Addressing the state on Sunday, October 30 on the ailing economy in the first of what is expected to be a weekly event, the President expressed confidence these decisions will go a long way to resurrect the economy.
Government, he said, plans to reduce total public debt to GDP ratio to 55% in present value terms by 2028, with the servicing of external debt pegged at not more than 18% of annual revenue also by 2028 to restore and sustain debt sustainability.
He indicated the government is also committed to improving the revenue collection effort, from the current tax-revenue to GDP ratio of 13% to between 18-20%, to be competitive with Ghana’s peers in the West Africa Region.
“Government also aims to restore and sustain macroeconomic stability within the next 3 to 6 years, with a focus on ensuring debt sustainability to promote durable and inclusive growth while protecting the poor.”
“We have decided to review the reforms in the energy sector, capping of statutory funds, implementation of the exemptions Act and a new property rate regime.
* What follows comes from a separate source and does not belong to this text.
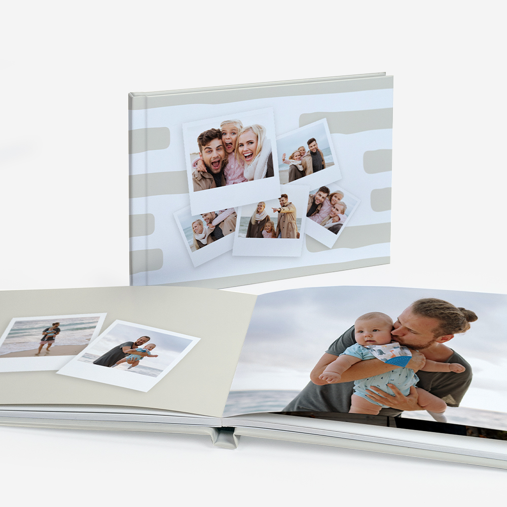 Los 脕lbumes de Fotos Dreambooks presentan una apertura panor谩mica, permitiendo colocar una foto destacada que ocupe dos p谩ginas. De esta manera, disfrutar谩s de una visualizaci贸n perfecta de tus fotos, sin cortes ni partes ocultas.

We have decided also to continue with the policy of 30% cut in the salaries of political office holders including the President, Vice President, Ministers, Deputy Ministers, MMDCEs, and SOE appointees in 2023, just as we will continue with the 30% cut in discretionary expenditures of Ministries, Departments and Agencies.”
“We are making some progress with the 1D1F but our current situation requires that we take some more stringent measures to discourage the importation of goods that we can and do produce here.
“To this end, we will review the standards required for imports into the country, prioritise the imports, as well as review the management of our foreign exchange reserves, in relation to imports of products such as rice, poultry, vegetable oil, toothpicks, pasta, fruit juice, bottled water and ceramic tiles, and others.”
“We will support our farmers and domestic industries, including those created under the 1-District-1-Factory initiative, to help reduce our dependence on imports, allow us the opportunity to export more and more of our products, and guarantee a stable currency that will present a high level of predictability for citizens and the business community.”
“Exports, not imports, must be our mantra! Accra, after all, hosts the headquarters of the Secretariat of the African Continental Free Trade Area,” he stated.
President Akufo-Addo indicated that some steps have been taken to restore order in the forex markets and that government will not relent until order is completely restored.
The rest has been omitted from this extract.